Lu tamamen bir ter topağı haline dönmüştü. Lu'yu dışarı çıkarmıştı fakat tam olarak dışarıda sayılmazdı. Burası KUZGUN'a bağlı bir kafes gibiydi. İçeri girebilen tek şey güneşti ve onunda pek yararı olmuyordu. Rain ona basit hareketleri göstermiş ve bunları kendinden sonra yapmasını istemişti. Lu elinden geleni yapsada Rain'i mutlu edememişti. Her seferinde onu düzeltip nasıl yapması gerektiğini söylüyordu. Sonunda bunu başladıklarında Rain bir sigara yakarak ona öğrettiği hareketleri bir köşeden izlemeye başladı. Güneş ufuktan kaybolurken yerini alacakaranlığa bırakıyordu. Yakın çevrede sık ağaçlar vardı herhalde kimse ulaşamasın diye böylesine uzak bir yere kurulmuştu. O an Lu'nun kafasında şimşekler çaktı. Nerede olduğuna dair hiçbir fikri yoktu. Bayıldığı zaman Theon sadece onu buraya getirdiğini söylemişti o kadar. Acaba hala Delsburg'da mıyım diye düşündü.
"Yine nerelere daldın" dediğinde Rain , Lu onun ne kadar yaklaştığının farkına varamamıştı. Ve tabi ki sıradaki harekete geçmek için biraz acele edince tökezleyip kendini yerde bulmuştu. Yerde ki bir taş dizini derince kesmişti. Şimdide kan akmaya başlamıştı. Aksilik işte ! Rain bir çocukla ilgileniyormuş gibi eğildi ve kesilen yere baktı. Ağzındaki sigarayı yere attı ve ezdi. Gömleğinin ucundan hızla çekerek bir parça kopardı. Kahverengi parçayı kanayan yerin üstünden sıkıca bağladı. Ama Lu herhangi bir rahatsızlık duymuyordu. Lu kafasını kaldırdığında yırtılan gömleğin olduğu kısımda, karnının küçük bir bölümünün gözüktüğünü farketti. Zaten kasla kaplı olacağını düşünmüştü ama onu dehşete düşüren yaralardı. Görünen küçücük bir kısım olsa bile üst üste alınan darbe izleri kendini belli ediyordu.
"Senin şu merakının bir sonu yok değil mi?" dedi boguk bir sesle ve gömleğin düğmelerini açmaya başladı. Teker teker aşağıdan yukarı doğru açıyordu. Tam 10 gümüş düğme. Her birini açtıkça, göğsündeki mermi,kılıç hatta küçük bir bölgede olsa(ceviz büyüklüğünde) yanmalar görünmeye başlamıştı. Ama en çok dikkatini çeken sağ omzundaki sonsuzluk dövmesiydi , dövme normallerinin aksine dik yapılmıştı.

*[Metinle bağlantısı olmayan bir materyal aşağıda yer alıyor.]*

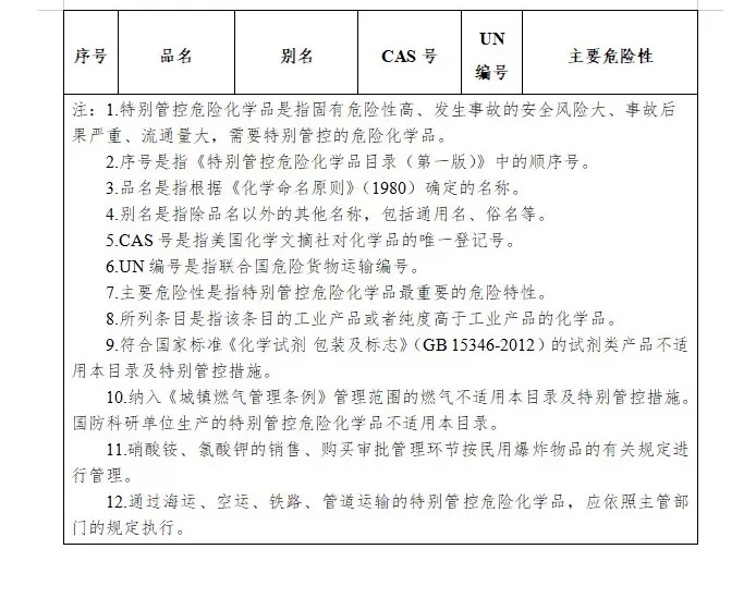 對列入《特別管控危險化學品目錄(第一版)》的危險化學品應針對其產生安全風險的主要環節,在法律法規和經濟技術可行的條件下,研究推進實施以下管控措施,最大限度降低安全風險,有效防范遏制重特大事故。
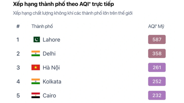 Theo ghi nhận từ hệ thống quan trắc của Cục Môi trường (Bộ Nông nghiệp và Môi trường), chỉ số AQI của Hà Nội vào chiều 12/12 đạt 261 – mức tím, đứng thứ 3 thế giới trong danh sách các thành phố ô nhiễm nhất, chỉ sau Lahore (Pakistan) với AQI 587 và Delhi (Ấn Độ) với AQI 358.
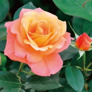 悲劇の運命を辿ったアンネ・フランクを偲んで名付けられたバラ。アプリコットとピンクの混じりあった色はとても美しい。強健種。
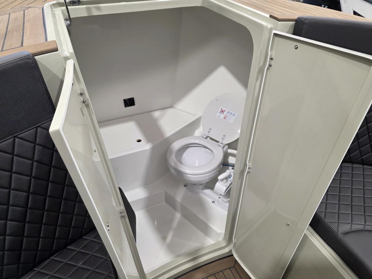 Voor in de sloep bevindt zich een afsluitbare toiletruimte voor extra privacy. Daarnaast is deze sloep uitgerust met een zonnebed en koelkist. Zo heeft u alle benodigdheden voor een aangename dag op het water.

"O mu? ..." dedi Rain nereye baktığını farkettiğinde "... Sandığın gibi bir şey değil , romantik bir anlamı yok. İki tane S şeklinin bir düz , bir ters şekilde birlesmesinden oluşuyor. Bunu iki büyük devletin yıkılmasında önemli bir katkım olduğu için yaptılar. Yaptıklarımı asla unutmayayım diye. " Lu pişman olup olmadığını merak ediyordu ama yüzünde öyle bir ifade bulamadı. Zaten cesaretide yoktu çünkü şuanda gözlerinde beliren bakış korkutucuydu , hatta ölümcül bile olabilirdi.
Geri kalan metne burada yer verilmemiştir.